¿Qué Pasa?

Entre el cielo y tierra

Entre el cielo y tierra

Mary Leisy Hernandez

Todo sigue en Brasil
Brasilia, Brasil. Al brasileño nada lo para. Este fin de semana, mientras en el Congreso Nacional se efectuaba el impeachment contra la presidenta de la República Dilma Roussef, con mucha mobilización en el eje monutental, el resto de la capital brasileña seguía como si no pasara nada.

Ya imagino yo si aquello fuera en mi patria dominicana. La mayoría estaría aún encerrada en su casita como si se fuera a acabar el mundo.

El proceso que comenzó ayer con la votación de los diputados, concluyó en su primera parte anoche con un sí a la destitución de la presidenta constitucional. Mientras se conocían los resultados se presentaba a casa llena una interesante obra de teatro en el centro cultural de uno de los más importantes bancos brasileños, y al final de la pieza aquello se transformó en un mitín en contra de lo que muchos consideran un golpe de estado.

Yo me uní a la manifestación porque aunque no soy brasileña vivo aquí y me duele.

No entiendo cómo acusados de corrupción tienen el poder de cuestionar y decidir sobre el destino de un país.
Matan dos pájaros de un mismo tiro.

Desvían la atención sobre sus acusaciones acusando a otro y logran aumentar su poder sin ninguna propuesta importante. Cosas de política.

Esta semana, previo a la importante decisión, solo los medios de comunicación parecían haber movido su programación para dar detalles sobre el proceso o promover un sí o un no a la presidenta constitucional.

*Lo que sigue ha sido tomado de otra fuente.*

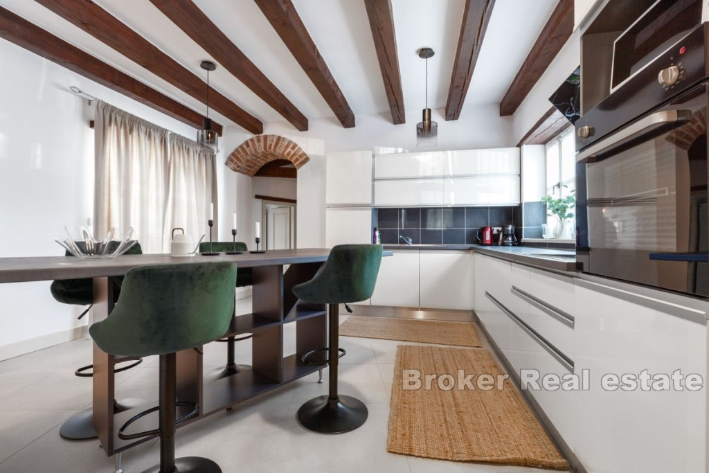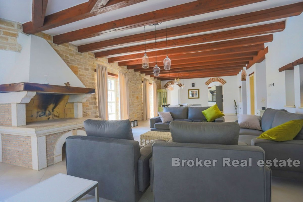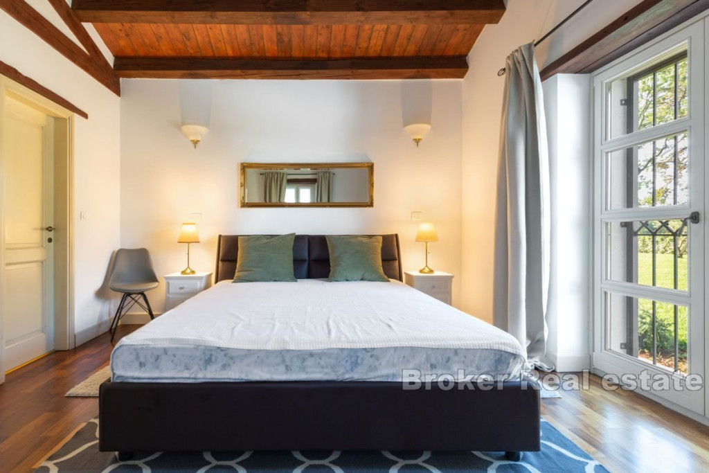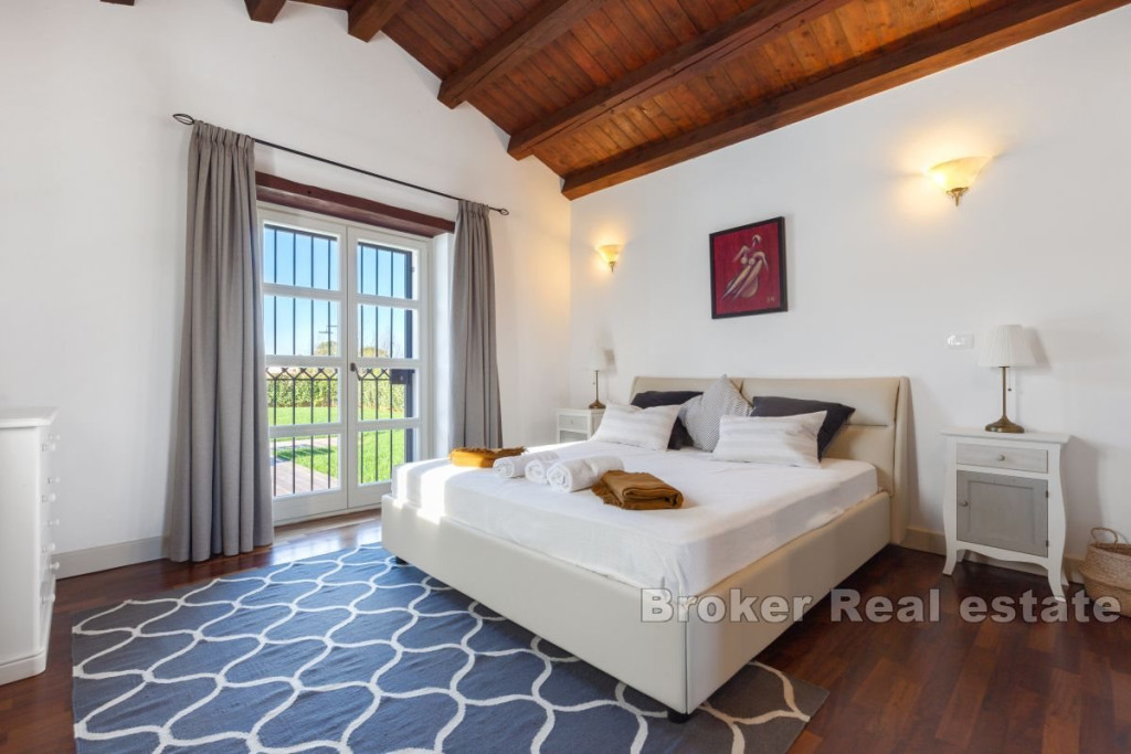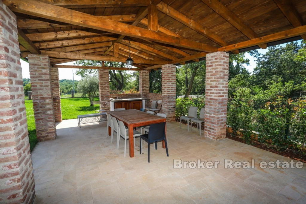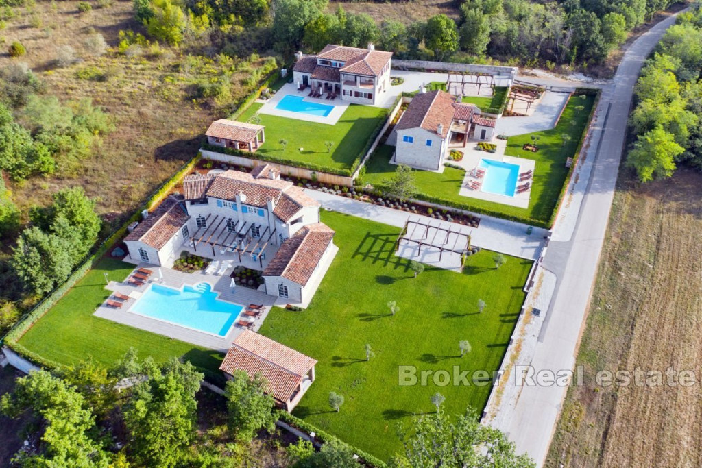 A beautiful stone villa for sale, located in the heart of Istria near Tinjan. This attractive villa offers an exceptional blend of traditional charm and modern luxury. Located on a spacious plot of 2347 m2, the villa has a total living area of 269 m2, elegantly distributed over two floors. The ground floor consists of an entrance hall, airy living room, kitchen, dining room, two comfortable bedrooms, each with its own bathroom and direct access to the terrace, pantry, boiler room and toilet. An internal staircase leads to the first floor, where there are two bedrooms, each with its own bathroom and a private loggia, offering a beautiful view and a peaceful atmosphere. The outdoor space consists of a beautifully landscaped garden, a sun-drenched pool with a sun deck and a summer kitchen with a grill ideal for entertaining outdoors. The entrance to the fenced yard is secured by sliding doors with remote opening, four parking spaces are provided for additional comfort. Built with the highest quality materials and fully furnished, this villa combines luxury with traditional Istrian architecture, offering a unique and inviting living experience. BROKER REFERENCE ID:1024/06

Las agendas culturales y actividades administrativas siguieron su curso. El sábado almorzamos con feijoada, caipirinha y samba como siempre se hace en una buena parte de restaurantes en Brasilia.
Música en vivo y mucho ambiente.

Desde allí fuimos a una Feria Internacional de Artesanía, y por el numeroso público se puede deducir que al brasileño nada le transforma su ritmo habitual. Muy distinto a República Dominicana, donde se suspenden eventos importantes por cualquier manifestación y se acomoda todo a conveniencia de los procesos electorales, hasta la educación de los niños.